Doom Flamingo just released our Flamingo EP. We’ve got the Doom EP and a Flamingo EP out. We’ve got a bunch of tour dates coming up at some after Umphrey’s parties as well. We have a new record that I have a meeting with the guys and girl to discuss when we get home and figure out the concept and flow and which tracks we want to keep for the actual record.

I know everyone from Doom Flamingo is from the Charleston area, where you moved a few years ago. I get the impression that Charleston is one of the new hip places to be.

It is. It’s fantastic. It’s got everything that you’re looking for: Food, music, vibe, beach… and downtown is hip. The music scene is killer. I’m really impressed with them and there are players everywhere. And it’s not clique-y or anything. It’s not competitive. It’s very supportive. It’s not like Chicago or New York City, but you can go out every night and catch some real players doing every genre, which is super fun for me.

There’s the gospel guys, the church guys, the funk guys. What’s really interesting is now that everybody has Instagram, or YouTube, or Facebook, the accessibility just to see and meet and what all these players are doing everywhere, we didn’t really have that until the last decade. It’s insane. The talent runs deep and the drummers, guitar player, all of them.

I’ve got a shout-out to Kanika Moore, the singer for Doom Flamingo. She’s special, she’s unbelievable. It’s a privilege to play with her. I’ve played with her in front of thousands of people and I’ve played with her in an empty room and she can command both easily. I watched her command an empty room and I had goosebumps. It was crazy.

For us bass nerds, can we just get a little rundown of your gear that you’re running?

Absolutely. I mainly play F Bass, but I did just get a Fender P five-string last week.

What made you do that? You just felt the P calling out to you or were you inspired by something?

Well, it’s easy to be inspired, right? It’s just legendary. That was more of a phone call where they reached out to me and we talked and discussed what my vibe is, what I’m inspired by in sound and made a custom one. I’m hoping to bust it out soon. I brought it up on this tour.

Most of my pedals and effects, I swap a lot in and out, but I have a lot of 3 Leaf Audio. Spencer Doran makes really, really good stuff and it’s roadworthy and durable and just sounds amazing. I’m a fan of Tim Lefebvre, and I’m always hitting him up to see what’s new on the pedals and what he’s doing.

Over COVID, I took lessons from Kevin Scott, Tim Lefebvre, Mike Bendy, and Felix Pastorius. That was super fun. They’re all buddies of mine, but it was cool to go on the other side during the lockdown and just pick their brain, hang out and just watch their fingers move up and down the neck.

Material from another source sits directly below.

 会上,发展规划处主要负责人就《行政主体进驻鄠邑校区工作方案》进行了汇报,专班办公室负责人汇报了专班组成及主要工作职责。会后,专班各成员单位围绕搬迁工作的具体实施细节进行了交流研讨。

My rig is GK. I just love GKs- I always had problems putting other amps into safety mode or standby with the amount of octave and low-pass filter I use that GK has just been through and through. I have a 2001 RB with 4x10s, and then I have two 18-inch Bag End speakers on stage that I’m running through a solid-state amp for my low end.

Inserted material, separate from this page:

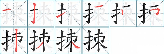《拺》字的笔顺分步演示图(一笔一画写汉字)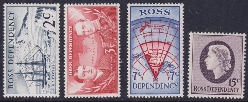 Ross Dep 1967 Picts set in blocks of 4 (3c is plate block). Jury cat $400. MUH.

Then for Doom Flamingo, I’m going to get a custom Sinobas Amps 4×12 or 2×12. Those things pound so I’m excited to get that. It’ll be hot pink, which will be pretty dope. Then I just use GK as well.

I have Taurus pedals as well. I have a Moog Taurus 2, but that just stays in the studio because it’s not roadworthy. I decided to have it completely redone refurbished by the guys at Moog and my buddy Zack – shout out to him. Then I have a Taurus 3 on stage with Umphrey’s that I used for that super low-end. Sometimes I’ll get down to play with my hands a little bit, get outside the box for some good noises in there. But when you need the drone, the Taurus it’s awesome because you have much more freedom up on the neck and the bass then, too.